In the decades to follow, Stone Ward would create memorable campaigns for a long list of clients based in Arkansas and elsewhere, including TCBY and Nickelodeon and current accounts U.S. Soccer Federation, Snap-On Tools, Baptist Health, Sissy’s Log Cabin and Sport Clips Haircuts, to name a few. Each account carries its own creation story of narrow escapes, near-misses and last-second inspiration, meshing a complicated set of gears across multiple channels to arrive at a finished product in a way that somehow looks easy.

“One of our core principles is nothing’s constant except for change. So, get used to it!” Ward said. “In the ’90s when we were doing work, television was what made things go viral. Now, we’re using a TikTok video. Things have changed.

“We’ve stayed on the edge. I remember we were one of the first agencies in Little Rock that did digital work. We had a national client, Terminix, we were doing all the national advertising for, and they came to us and said, ‘We’ve got to make some digital advertising.’ We said OK. We had held some meetings about what is the internet. We had a couple people on staff who could do it, and we did it. We did it because we had to.”

Today, Stone Ward is a $50 millionplus, full-service force in the advertising industry, with an office in Chicago as well as Little Rock. Longevity has brought accolades, including the couple being inducted into the Southwest Advertising Hall of Fame in 2017. Stone is a past Arkansas Advertising Federation Ad Person of the Year and Silver Medal Award recipient; Ward is a member of the Sam W. Walton Arkansas Business Hall of Fame.

Both are equally distinguished in their philanthropic and community service endeavors with decades of support to organizations ranging from Bridge2Rwanda and Arkansas Cinema Society to Baptist Health Foundation and Arkansas

Sheriffs’ Youth Ranches and many more. And while their reputation and prosperity have been solidified through the company’s success, truth be told it’s the service portion from which they derive true riches and fulfillment.

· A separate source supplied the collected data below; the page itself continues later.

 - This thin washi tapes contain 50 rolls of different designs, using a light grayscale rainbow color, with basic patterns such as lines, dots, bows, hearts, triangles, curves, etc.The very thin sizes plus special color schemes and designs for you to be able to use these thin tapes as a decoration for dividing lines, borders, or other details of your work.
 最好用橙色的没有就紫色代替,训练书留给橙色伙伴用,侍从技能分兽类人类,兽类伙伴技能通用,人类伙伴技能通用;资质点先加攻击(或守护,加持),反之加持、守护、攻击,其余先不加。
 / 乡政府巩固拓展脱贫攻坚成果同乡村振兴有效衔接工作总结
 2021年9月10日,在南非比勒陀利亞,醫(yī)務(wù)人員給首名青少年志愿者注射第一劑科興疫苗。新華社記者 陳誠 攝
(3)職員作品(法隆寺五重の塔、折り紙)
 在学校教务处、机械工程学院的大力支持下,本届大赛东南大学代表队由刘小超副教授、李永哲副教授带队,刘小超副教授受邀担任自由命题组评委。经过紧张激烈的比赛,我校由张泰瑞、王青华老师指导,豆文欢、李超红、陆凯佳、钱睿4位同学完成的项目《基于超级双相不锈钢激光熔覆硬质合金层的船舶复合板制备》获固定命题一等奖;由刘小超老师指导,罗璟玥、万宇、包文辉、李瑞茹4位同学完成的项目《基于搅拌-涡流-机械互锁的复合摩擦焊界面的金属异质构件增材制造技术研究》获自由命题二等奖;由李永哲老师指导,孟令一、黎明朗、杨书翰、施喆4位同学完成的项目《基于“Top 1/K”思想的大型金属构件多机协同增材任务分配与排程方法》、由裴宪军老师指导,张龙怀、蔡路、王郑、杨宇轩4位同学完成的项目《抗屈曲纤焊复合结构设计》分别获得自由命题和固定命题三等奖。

“It’s like rules to live by, something we’ve always believed scripturally and spiritually,” Ward said. “In Luke it says, ‘To whom much is given, much is expected.’ We’ve always wanted, no matter what we were doing or where we were or how small or big any type of success was, to be able to share with people who really needed it; to help nonprofits that can’t afford big budgets or big agencies or people in our community that may need some kind of help.”

People who think all you’ve got to do is have courage and good luck or whatever and it’ll all work out, need to know there is also sacrifice. There were points in this process where we didn’t have enough money to pay us, but we always found enough money to pay everybody else. If you aren’t willing to do that, you don’t have any business starting a business.

Of all the taglines and slogans Stone Ward has developed over the years, the most insightful may well be the one it’s currently crafted for itself, eight weighty words hewn from introspection and mortared by principle. It reads, “Together, we are a creative force for good.”

“It is really not about Millie and Larry. It never has been,” Stone said. “Every circle, no matter how large or small, is a unified group for whom a handful of values is way more powerful than a thousand rules. Now, every circle needs a catalyst and a champion, and Millie is that champion and I’m that catalyst. But the Circle is what it’s all about, and what makes it happen. We are just helpers.”